→ Problem:
For the data that follows, print the line with "Lined sequin spandex", the line with "Помимо прочего, за", and all lines between them, exactly as they stand. Omit pictures and add nothing.

→ Material for this task:
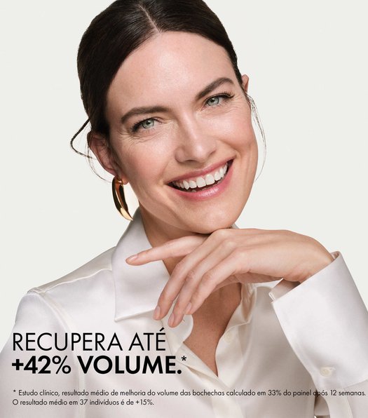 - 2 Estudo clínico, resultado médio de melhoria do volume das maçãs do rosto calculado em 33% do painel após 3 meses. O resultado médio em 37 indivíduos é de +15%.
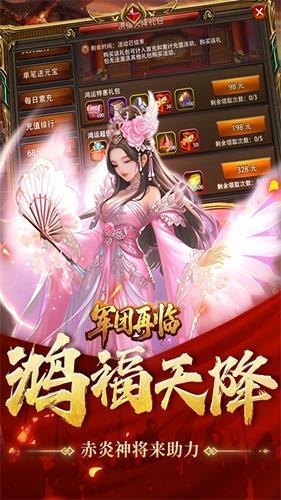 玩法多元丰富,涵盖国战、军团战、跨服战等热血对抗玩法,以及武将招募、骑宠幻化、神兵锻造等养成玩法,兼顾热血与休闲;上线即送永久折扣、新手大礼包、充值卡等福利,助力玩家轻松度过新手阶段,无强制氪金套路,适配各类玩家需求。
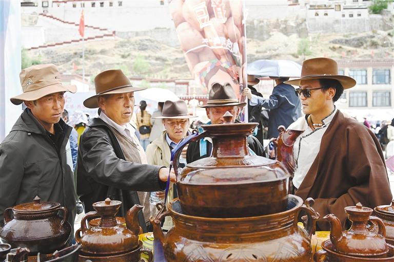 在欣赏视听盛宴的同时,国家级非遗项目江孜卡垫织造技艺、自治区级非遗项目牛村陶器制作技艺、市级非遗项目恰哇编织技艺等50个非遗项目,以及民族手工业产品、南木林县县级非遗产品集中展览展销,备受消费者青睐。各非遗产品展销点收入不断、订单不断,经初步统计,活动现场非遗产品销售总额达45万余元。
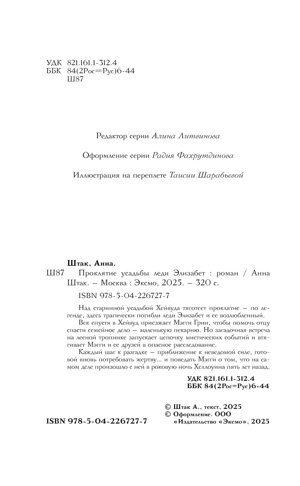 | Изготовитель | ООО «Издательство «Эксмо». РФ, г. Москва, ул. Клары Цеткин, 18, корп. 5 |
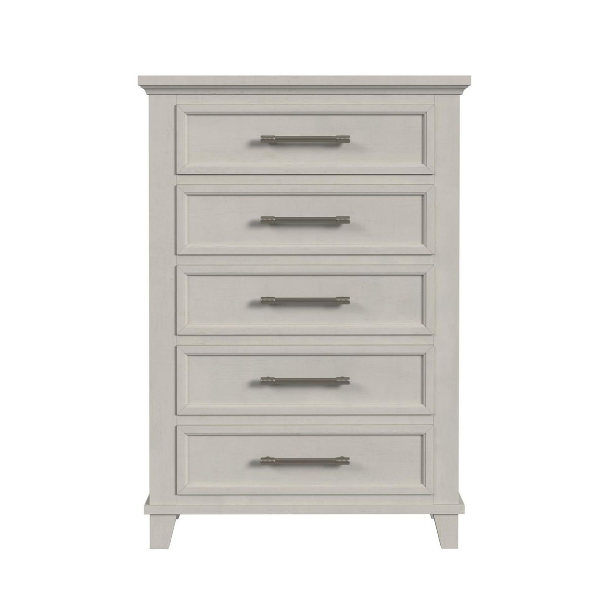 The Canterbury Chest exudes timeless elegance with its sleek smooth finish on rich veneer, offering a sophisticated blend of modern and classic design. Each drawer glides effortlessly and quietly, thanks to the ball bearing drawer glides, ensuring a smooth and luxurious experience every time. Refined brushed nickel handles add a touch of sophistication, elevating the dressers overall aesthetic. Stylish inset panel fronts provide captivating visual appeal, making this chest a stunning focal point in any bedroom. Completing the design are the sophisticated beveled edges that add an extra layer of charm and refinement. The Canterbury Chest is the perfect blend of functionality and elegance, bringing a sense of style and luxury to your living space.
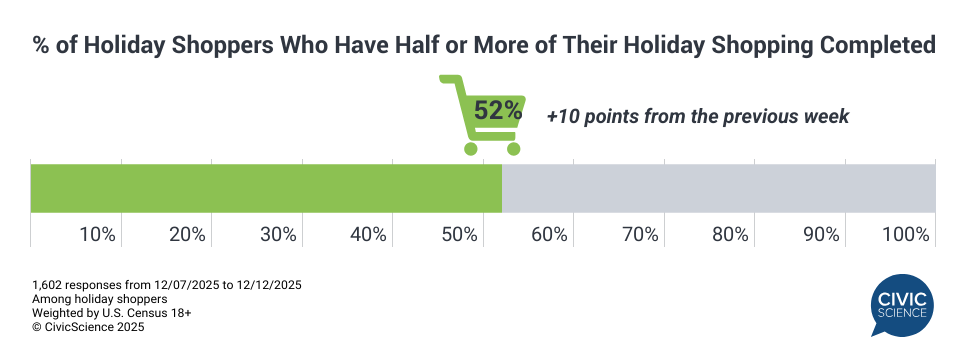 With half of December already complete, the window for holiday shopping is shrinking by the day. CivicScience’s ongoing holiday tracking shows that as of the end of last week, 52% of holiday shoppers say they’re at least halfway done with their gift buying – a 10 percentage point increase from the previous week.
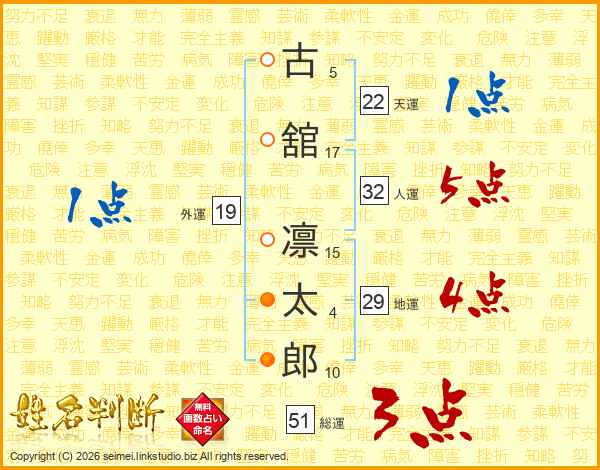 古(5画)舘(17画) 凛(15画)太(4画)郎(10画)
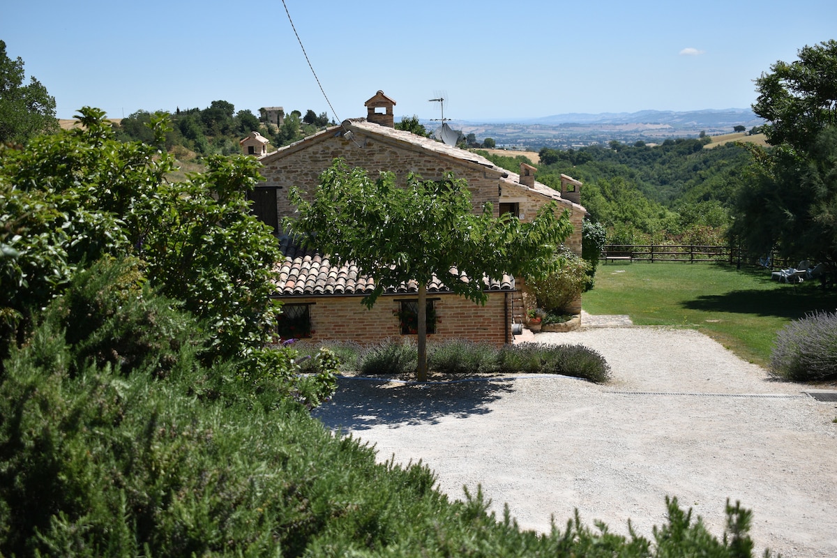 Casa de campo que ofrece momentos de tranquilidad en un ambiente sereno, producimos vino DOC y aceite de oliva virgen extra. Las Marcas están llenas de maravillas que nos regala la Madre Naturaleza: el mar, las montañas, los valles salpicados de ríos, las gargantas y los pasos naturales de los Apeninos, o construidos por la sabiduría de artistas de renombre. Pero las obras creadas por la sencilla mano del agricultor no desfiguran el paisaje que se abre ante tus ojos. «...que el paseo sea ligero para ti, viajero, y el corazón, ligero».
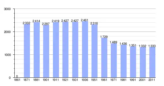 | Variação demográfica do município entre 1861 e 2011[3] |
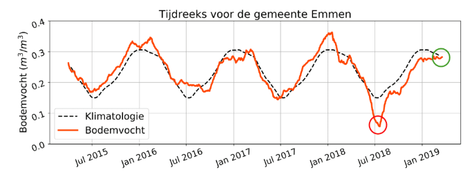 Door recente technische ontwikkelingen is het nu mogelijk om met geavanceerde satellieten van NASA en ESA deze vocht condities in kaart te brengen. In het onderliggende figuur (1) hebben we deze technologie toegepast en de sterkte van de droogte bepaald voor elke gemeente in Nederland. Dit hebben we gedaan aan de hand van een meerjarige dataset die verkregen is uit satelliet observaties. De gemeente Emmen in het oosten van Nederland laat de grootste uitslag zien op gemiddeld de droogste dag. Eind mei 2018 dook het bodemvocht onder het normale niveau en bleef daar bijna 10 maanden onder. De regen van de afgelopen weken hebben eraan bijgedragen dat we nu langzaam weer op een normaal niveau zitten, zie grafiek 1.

---

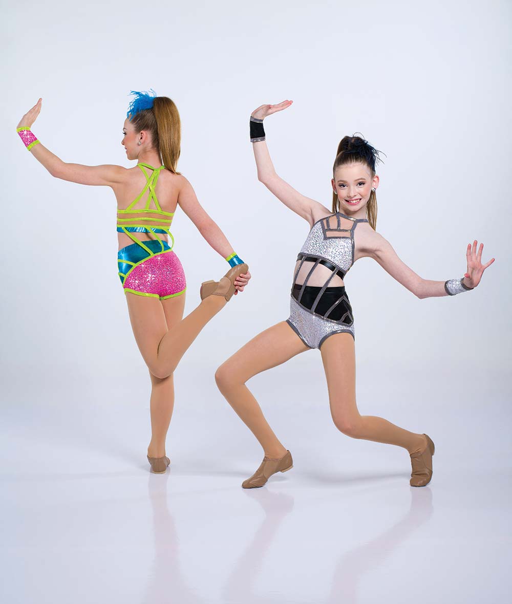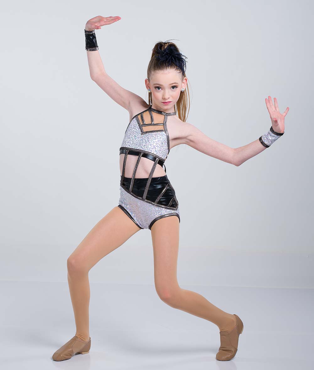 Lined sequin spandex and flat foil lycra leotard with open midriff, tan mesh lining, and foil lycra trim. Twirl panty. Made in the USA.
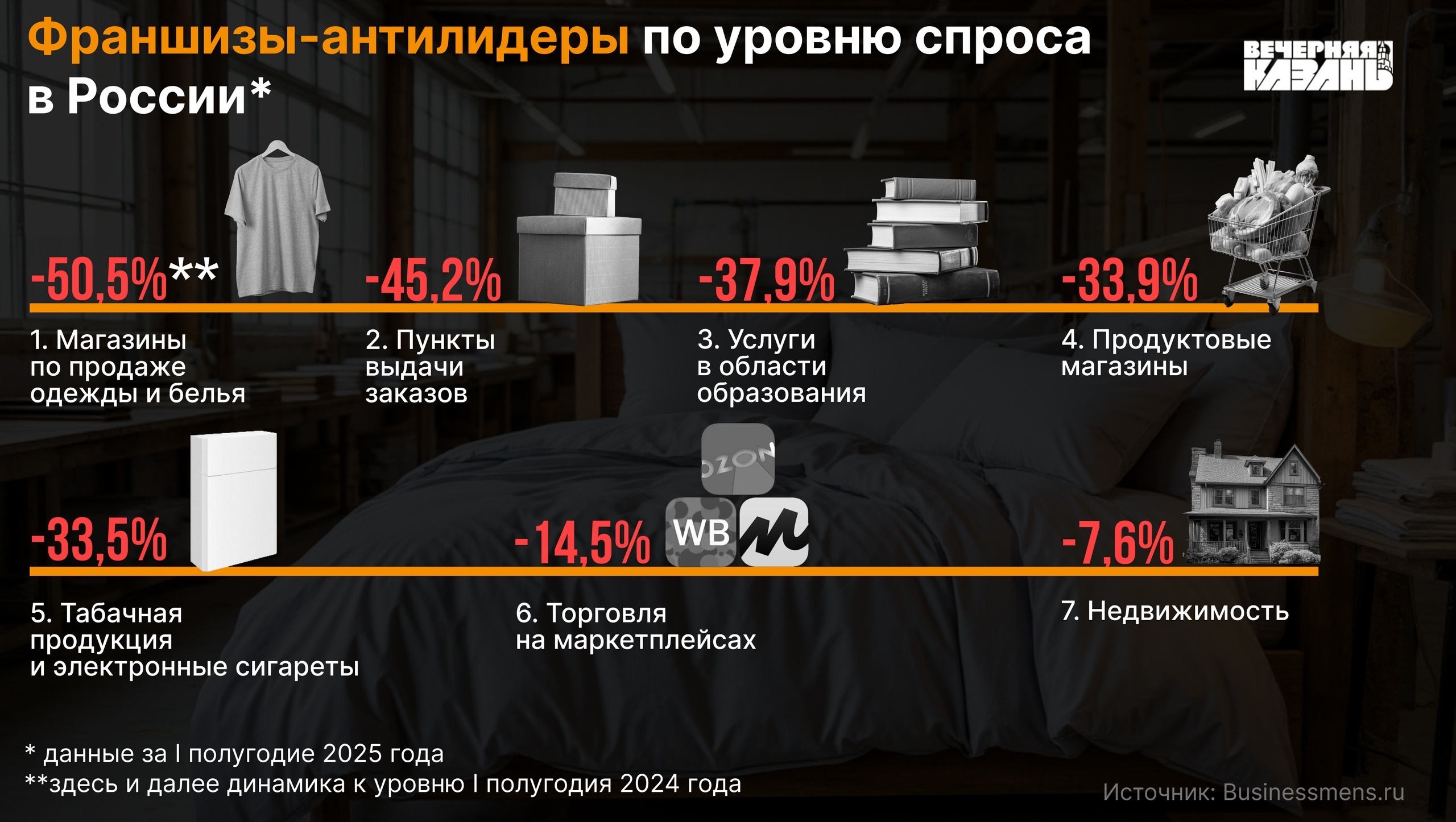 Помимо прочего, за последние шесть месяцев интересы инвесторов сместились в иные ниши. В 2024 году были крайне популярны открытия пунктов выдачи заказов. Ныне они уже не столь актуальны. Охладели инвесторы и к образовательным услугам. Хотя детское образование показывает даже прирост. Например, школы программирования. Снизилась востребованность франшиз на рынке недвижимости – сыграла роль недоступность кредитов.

==

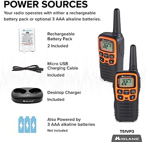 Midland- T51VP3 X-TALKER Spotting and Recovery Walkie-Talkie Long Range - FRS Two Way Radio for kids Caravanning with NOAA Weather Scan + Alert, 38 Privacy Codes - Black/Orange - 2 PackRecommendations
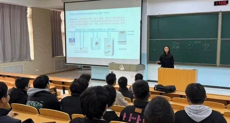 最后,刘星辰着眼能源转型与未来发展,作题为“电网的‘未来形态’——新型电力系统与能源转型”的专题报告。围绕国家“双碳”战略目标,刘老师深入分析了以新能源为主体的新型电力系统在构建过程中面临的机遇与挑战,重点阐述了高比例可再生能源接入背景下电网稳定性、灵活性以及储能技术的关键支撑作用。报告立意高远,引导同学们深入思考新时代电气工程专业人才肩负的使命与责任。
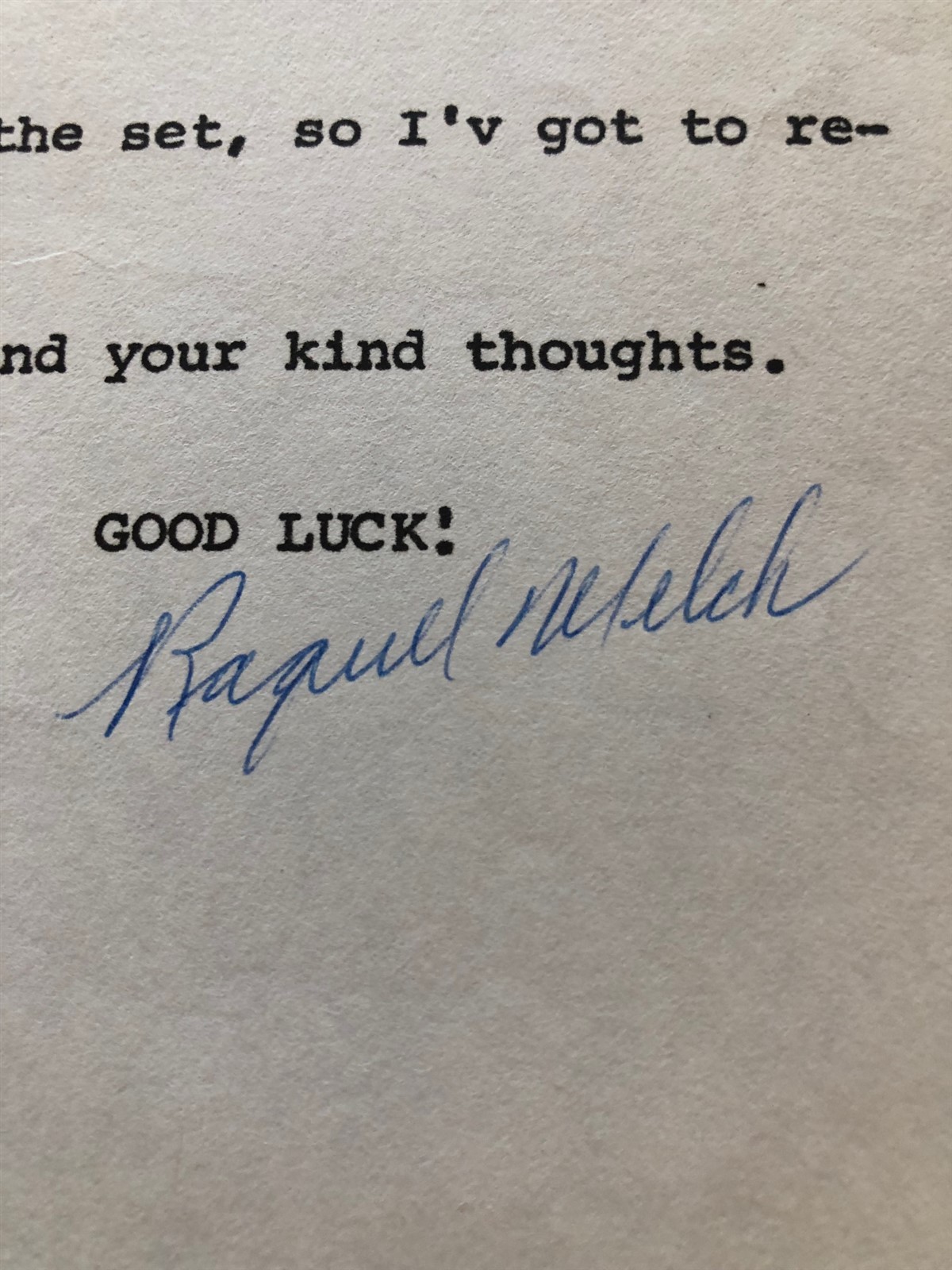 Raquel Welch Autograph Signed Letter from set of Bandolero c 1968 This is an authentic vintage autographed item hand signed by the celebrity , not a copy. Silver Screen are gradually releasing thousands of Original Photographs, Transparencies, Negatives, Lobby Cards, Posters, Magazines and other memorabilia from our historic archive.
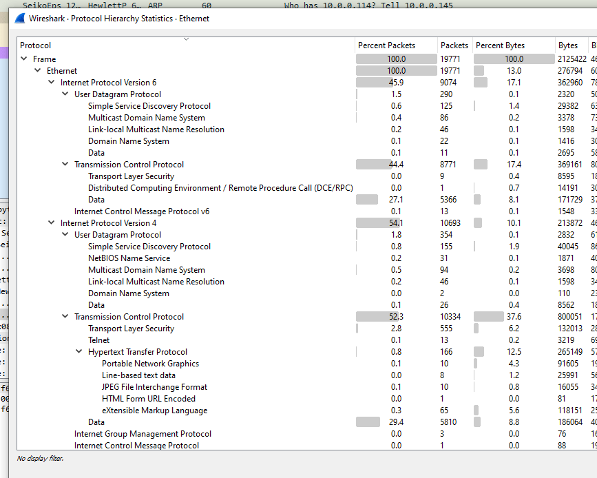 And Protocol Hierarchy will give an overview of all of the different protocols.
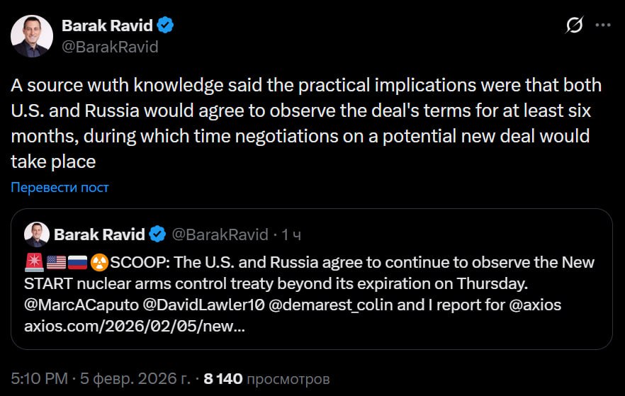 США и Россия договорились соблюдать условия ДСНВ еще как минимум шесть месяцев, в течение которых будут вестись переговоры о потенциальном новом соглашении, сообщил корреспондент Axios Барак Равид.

→ Exercise response:
 Lined sequin spandex and flat foil lycra leotard with open midriff, tan mesh lining, and foil lycra trim. Twirl panty. Made in the USA.
 Помимо прочего, за последние шесть месяцев интересы инвесторов сместились в иные ниши. В 2024 году были крайне популярны открытия пунктов выдачи заказов. Ныне они уже не столь актуальны. Охладели инвесторы и к образовательным услугам. Хотя детское образование показывает даже прирост. Например, школы программирования. Снизилась востребованность франшиз на рынке недвижимости – сыграла роль недоступность кредитов.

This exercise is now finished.